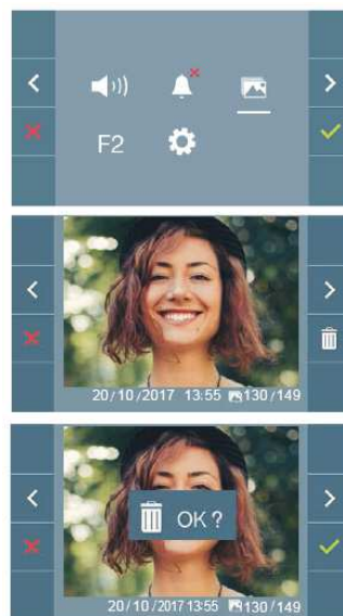
Captura automática de fotos (PHOTOCALLER)
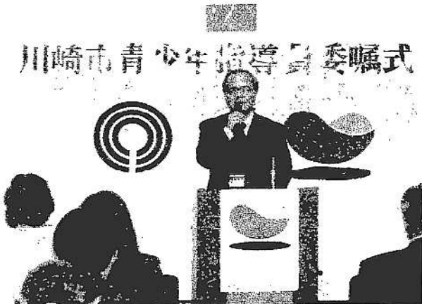
委 嘱 式 の 風 景
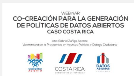
Presentación Costa Rica
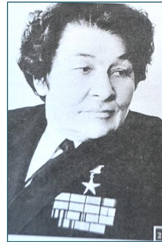
А.И. Щетинина, первая женщина-капитан, Герой Социалистического Труда
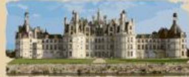
L'origine du château de Chambord remonte au XVI e siècle Sa construction commence en 1519, sous le règne de François I er

en 1786 EN 1889 Dans l'Antiquité au XVII e siècle AU XX e siècle au Moyen Âge à l'époque de la Renaissance à l'époque de Louis XIV Sous le règne de François I er L'architecture du XVI e siècle
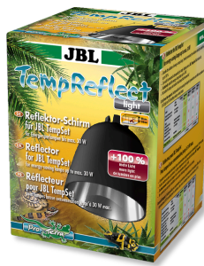
JBL TempReflect light Pantalla reflectora para lámparas de bajo consumo
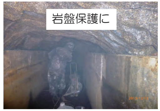
御影石岩盤に水性防水剤Water Proofを塗布
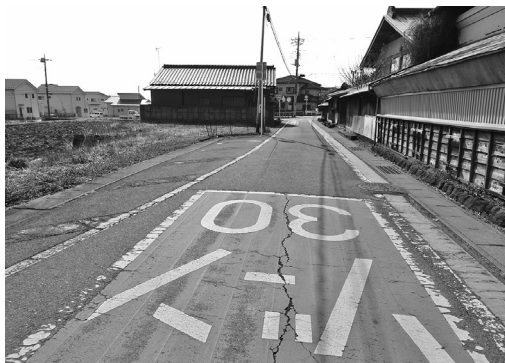
拡幅される通学路（北下）

令和4年第一回定例会は3月1日から16日まで、16日間の会期で行いました。議案30件・諮問1件・発委1件が提案され、原案通り可決しました。また、請願1件を採択しました。
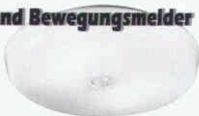
Cerclampe 360* Deckenmontage E-No. 913 721 609
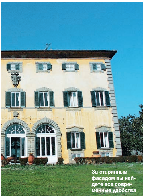
За старинным фасадом вы найдете все современные удобства
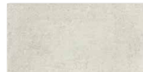
DAKSE662 PEI 5 ○ 78 | m 2 mat | matt
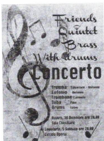
WhatsApp Image 2021-12-22 at 21.15.21 (1).jpeg

*WHAT YOU SHOULD DO*. Go through the data and return every word of it verbatim, leaving out the pictures.

*REPLY TO THE TASK*.
Captura automática de fotos (PHOTOCALLER)
委 嘱 式 の 風 景
Presentación Costa Rica
А.И. Щетинина, первая женщина-капитан, Герой Социалистического Труда
L'origine du château de Chambord remonte au XVI e siècle Sa construction commence en 1519, sous le règne de François I er

en 1786 EN 1889 Dans l'Antiquité au XVII e siècle AU XX e siècle au Moyen Âge à l'époque de la Renaissance à l'époque de Louis XIV Sous le règne de François I er L'architecture du XVI e siècle
JBL TempReflect light Pantalla reflectora para lámparas de bajo consumo
御影石岩盤に水性防水剤Water Proofを塗布
拡幅される通学路（北下）

令和4年第一回定例会は3月1日から16日まで、16日間の会期で行いました。議案30件・諮問1件・発委1件が提案され、原案通り可決しました。また、請願1件を採択しました。
Cerclampe 360* Deckenmontage E-No. 913 721 609
За старинным фасадом вы найдете все современные удобства
DAKSE662 PEI 5 ○ 78 | m 2 mat | matt
WhatsApp Image 2021-12-22 at 21.15.21 (1).jpeg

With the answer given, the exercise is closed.